Migrant farm workers are pushing for improved working conditions and permanent residency.
In an increasingly urbanized society, most consumers live detached from the story of their food source—where their food comes from and who produced it. So, a group of migrant workers is forcing people to pay attention, with a public activism campaign in the form of unassuming QR codes.
The Migrant Workers Alliance for Change has tagged tables in hundreds of restaurants in Ottawa, Toronto and surrounding areas with large political offices with the codes. The codes appear to be menus; but upon first scan, they instead showcase the exploitative working conditions faced by many foreign farm workers.
The “To-Die-For Sweet Potato Fries” item, for example, tells the tale of a potato harvester from Jamaica named Garvin Yapp who was killed in a farming accident in southern Ontario last summer. The “Bitter Strawberry Tart” explains the 18-hour days some workers spend harvesting strawberries on their hands and knees—most of the time under the hot summer sun. Those who come in contact with these secret menus are also directed to a petition that calls on the Canadian government to provide better labor conditions for migrant workers and to grant them permanent resident status.
Robert, a greenhouse worker from Jamaica who has been in Canada for the past seven years with temporary resident status, is no stranger to such conditions. He tells Modern Farmer he hasn’t had a day off since the pandemic began in 2020. He came to work on Canadian farms in hopes of building a better life for himself.
“The moment I got off the plane, it didn’t take long to realize all of our rights were taken, our rights have been forgotten,” he says. “We do what [the employer] wants us to do. We can’t say no because the moment we stand up to say no… I will be told that I can go home, back to where I came from.”
Robert has seen cases where injured workers were prevented from going to the hospital because businesses were worried about the visit raising the price of their insurance. He’s spent long days with fellow workers in unventilated greenhouses, where the air is thick and pesticide-ridden.
“I had problems breathing. I had coworkers with constant headaches. Sometimes, you have people throwing up, blood coming out from their nostrils,” Robert recalls.
The Migrant Workers Alliance for Change has documented these issues and other examples where farmworkers say their employers subjected them to crowded, substandard housing, long hours and unsafe working conditions that threaten their health. And those who want to raise concerns, like Robert indicated, fear they will be deported or barred from coming back into the country. Canadian studies have also illustrated the bleak reality of these conditions where, between January 2020 and June 2021, nine migrant agricultural workers died in Ontario.
Workers like Robert believe permanent residency status will help them better assert their rights, grant them access to social services such as health care without the permission of their employer and allow many workers to reunite with their families in Canada. Prime Minister Trudeau promised a change in status for all temporary foreign workers in his 2021 immigration policy priorities.

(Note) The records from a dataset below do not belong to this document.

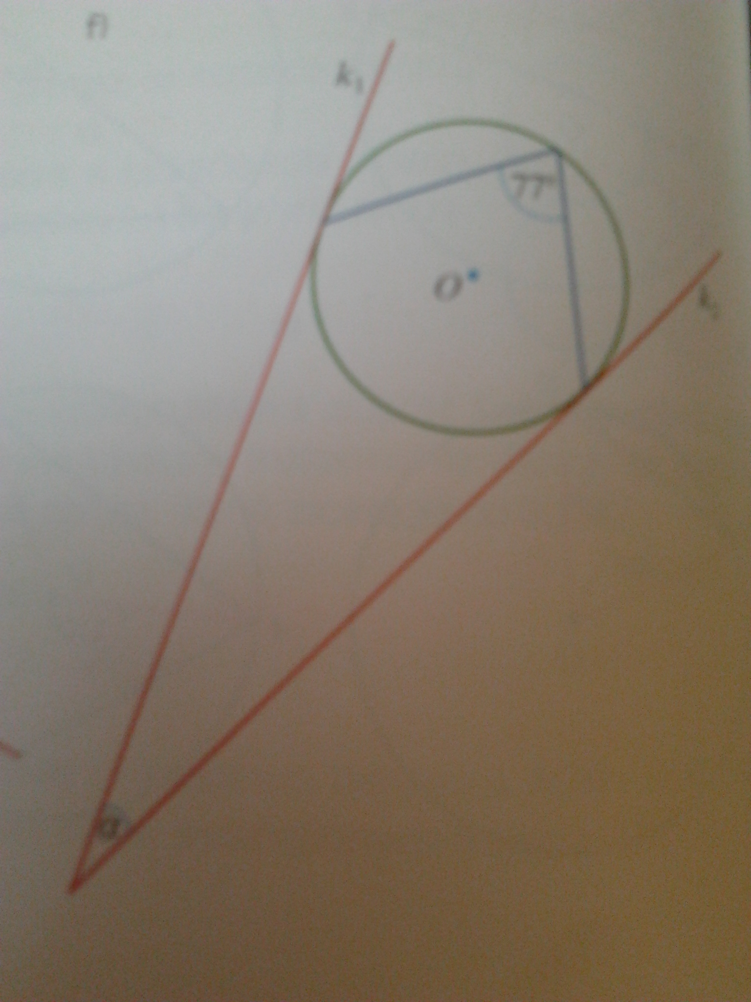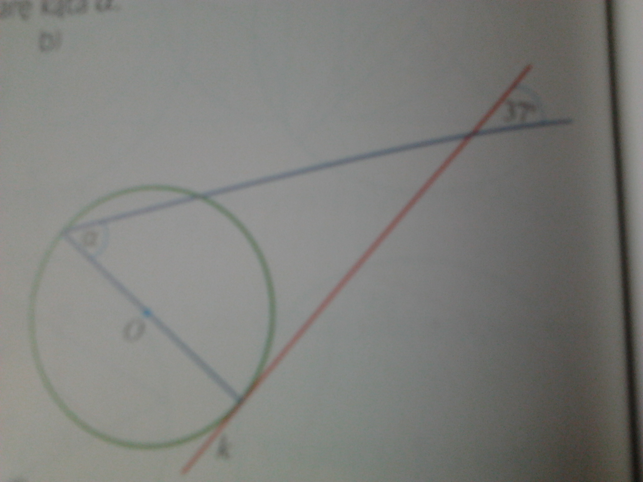 Ten kąt, dodany do alfa, ma dawać 90 stopni (bo promień okręgu jest prostopadły do stycznej) więc
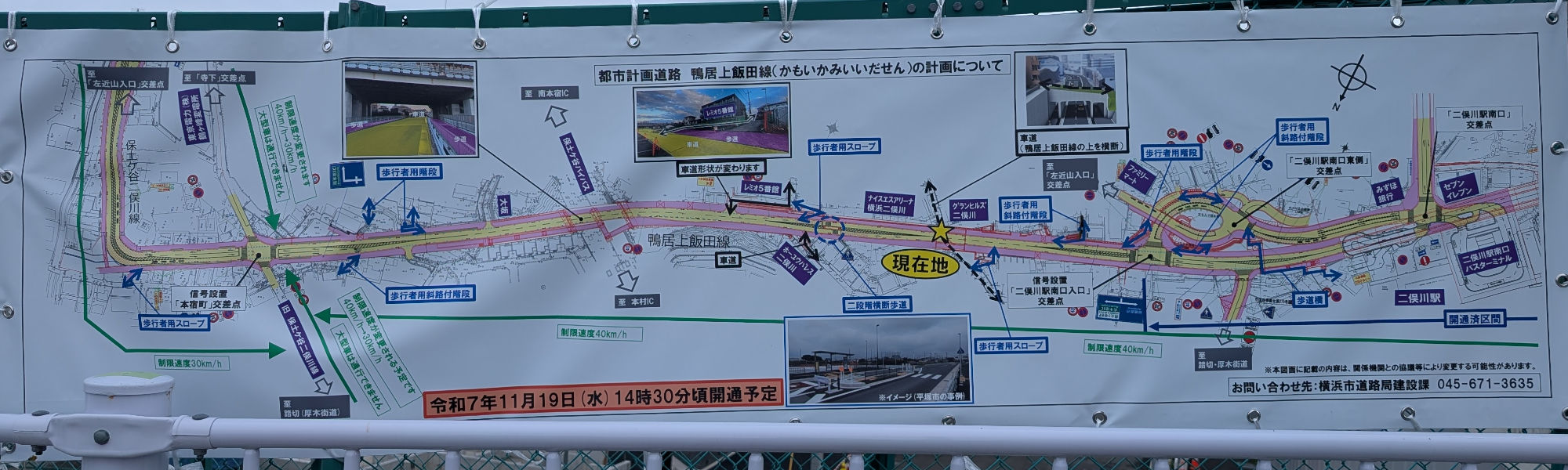鴨居上飯田線の二俣川駅東側区間、及び保土ケ谷二俣川線(本宿地区)について、2025年11月19日14時30分に交通開放される予定です。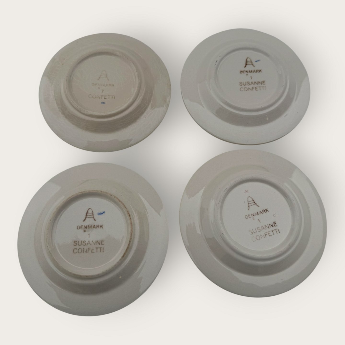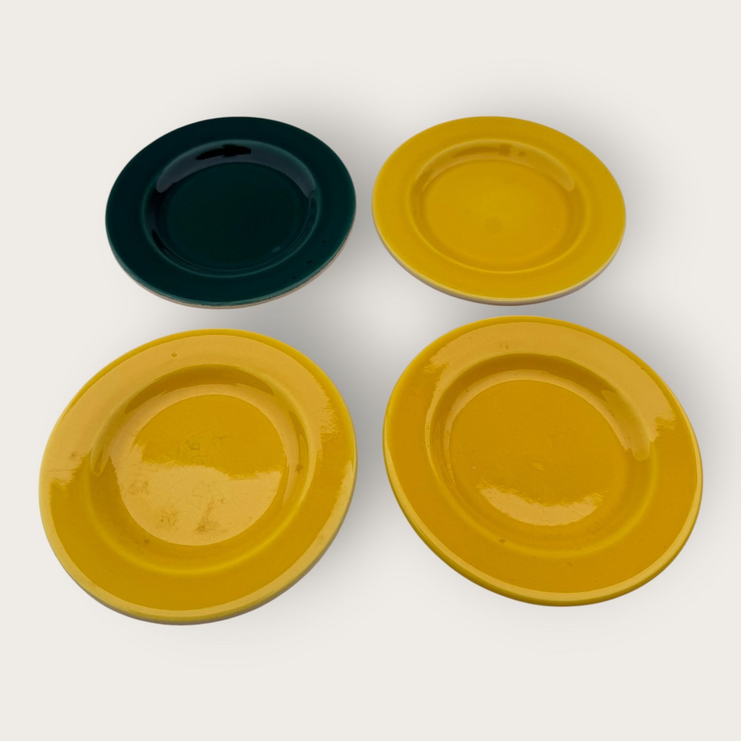 | Royal Copenhagen, Aluminia, Confetti / Susanne, 4 kleine Teller, Gelb und Grün, 9,5 cm Durchmesser *guter gebrauchter Zustand*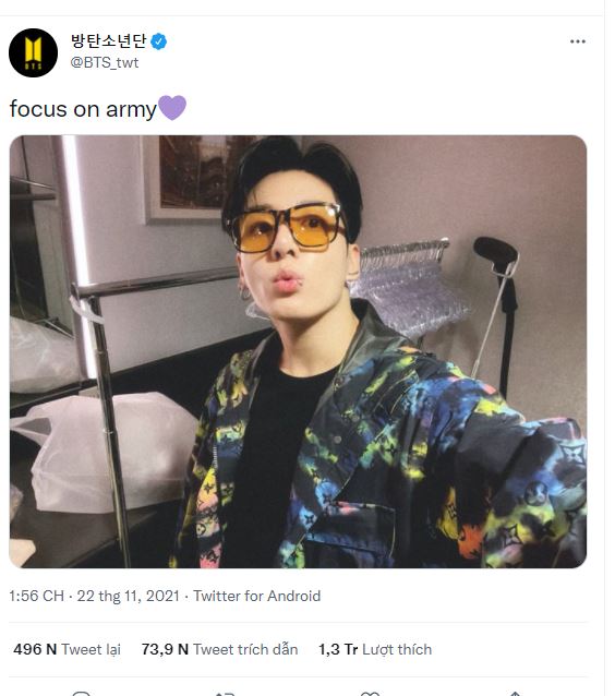 Ngay lập tức, JungKook sau đó đã đăng tải lên Twitter hình ảnh mới nhất cùng chú thích Focus on Army (tập trung vào fandom Army) để giải thích về câu phát biểu thiếu sót của mình.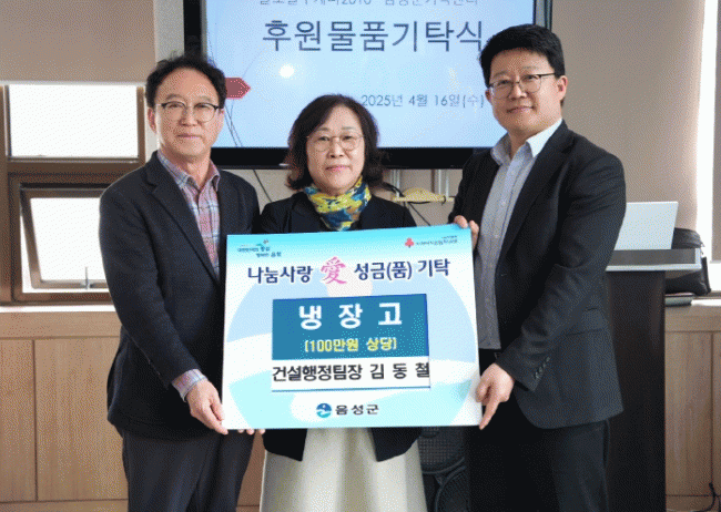 [NWS¹æ¼Û=Çѽ¸ñ ±âÀÚ]À½¼º±º °Ç¼³±³Åë°ú °Ç¼³ÇàÁ¤ÆÀÀÇ ±èµ¿Ã¶ ÆÀÀåÀÌ ÃÖ±Ù À½¼º°íµîÇб³ Ãѹ®È¸ Çà»ç¿¡¼­ °æÇ°À¸·Î ¹ÞÀº 100¸¸¿ø »ó´çÀÇ ³ÃÀå°í¸¦ À½¼º±º°¡Á·¼¾ÅÍ¿¡ ±âÁõÇØ Áö¿ª»çȸ¿¡ ÈÆÈÆÇÑ °¨µ¿À» ÁÖ°í ÀÖ´Ù. ±èµ¿Ã¶ ÆÀÀåÀº ¡°¶æ±í¡¦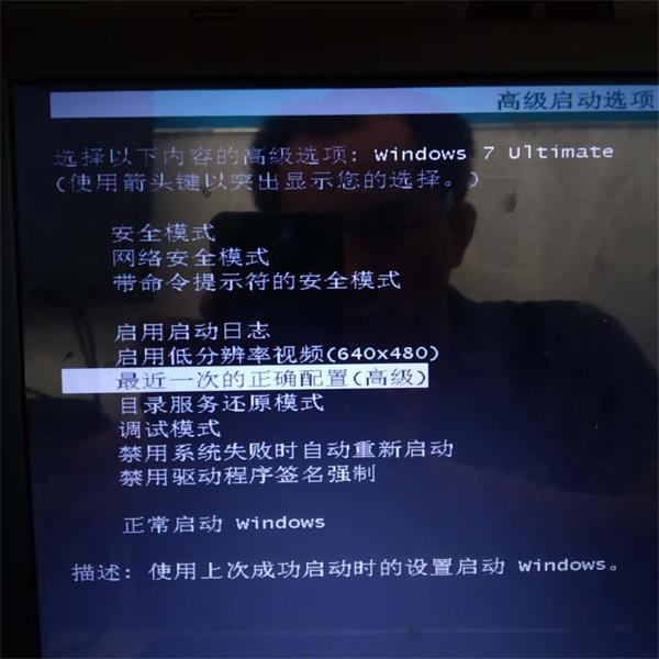 1、开机时不断按F8看到启动菜单选择“最近一次的正确配置(高级)”进入系统;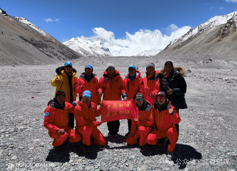中國地質(zhì)大學(武漢)登山隊在珠峰之巔。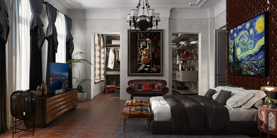 In this lavish room, silk curtains whisper secrets to the shadows, while a velvet sofa sighs beneath the weight of forgotten dreams. The air hangs heavy with irony: luxury, they say, is fleeting, yet here it lingers, like a wilted rose in a gilded vase.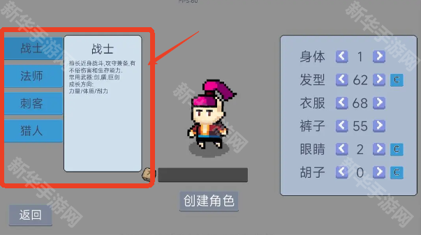 1、玩家打开游戏可以先创建一个角色再选择一个职业。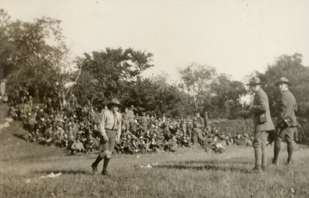 Titel: Bildtext: "Kåren deltog i Stockholms Scoutkårs manöver till Drottningholm 1919."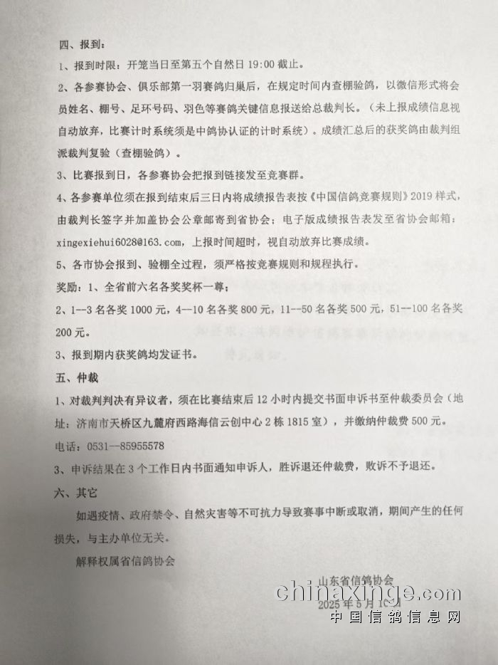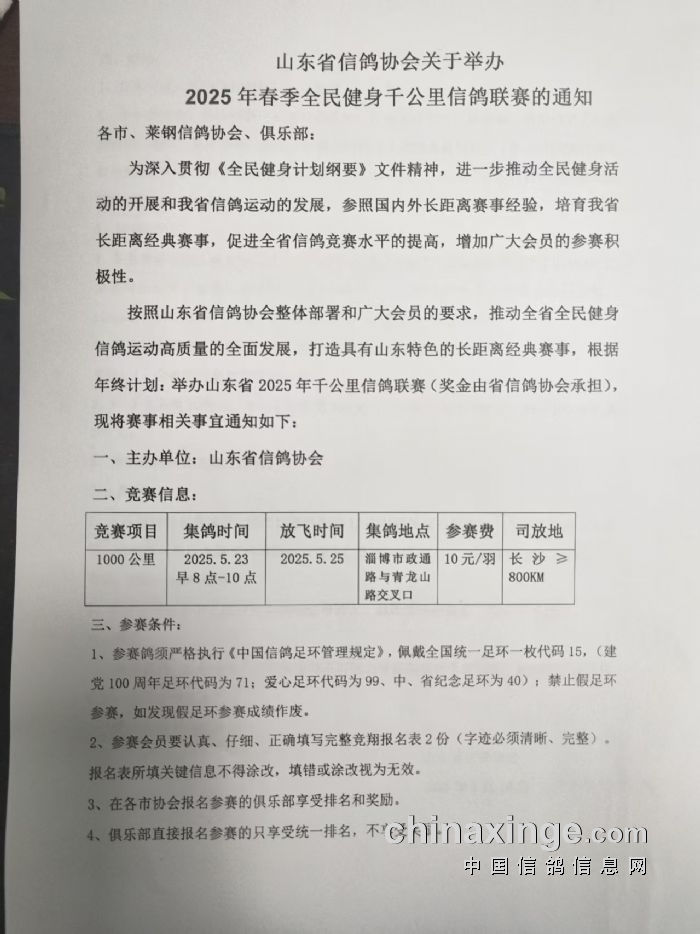 本届千公里联翔于5月23日8点-9点开始集鸽,集鸽地点为淄博市政通路与青龙山路口交叉处。按规程:收参赛费10元/羽,全省前六奖励奖杯一樽,1-3名各奖1千元,4-10名各奖8百元。取100个名次,尾奖2百元。

Canada brings in more than 60,000 seasonal agricultural workers each year, under the Seasonal Agricultural Worker Program (SAWP), which allows Canadian employers to hire temporary migrant workers from Mexico and 11 countries in the Caribbean.
As politicians headed back to the House of Commons in Ottawa at the end of January, organizer Luisa Ortiz-Garza says it was the perfect opportunity to launch the campaign and get attention from both civilians and politicians.
“We thought, what better way of making people part of our fight than showing them what it takes for the food to reach their tables while they’re at the table—the hidden cost,” she says. “What we are really saying is that our workers need equal rights and deserve to live a dignified life with their families.”
Ortiz-Garza says the response to the campaign has been overwhelming. The group has garnered thousands of signatures since the initiative began in late January. She notes, however, that momentum is building and QR stickers will eventually be plastered inside the country’s east and west coast provinces over the next few weeks. The organization says they will continue to campaign until the Canadian government fulfills its promise. It is planning to hold an event this weekend and another one in late March, centering around the secret menu initiative and its request for permanent residency. Ortiz-Garza says details would be published on the organization’s website in the near future.
As for Robert, regardless of how successful the campaign ends up being, he says he will continue to find ways to speak up and speak out.
“I’m never going to be tired of telling my story, until the world knows what migrant workers are faced with,” he says. “If people are enjoying a cucumber or a pepper and it comes from Canada, I am one of the persons who helped to have that get to their table. I hope at least they think about the people on the ground who make this happen.”
All workers need to be treated properly. Period.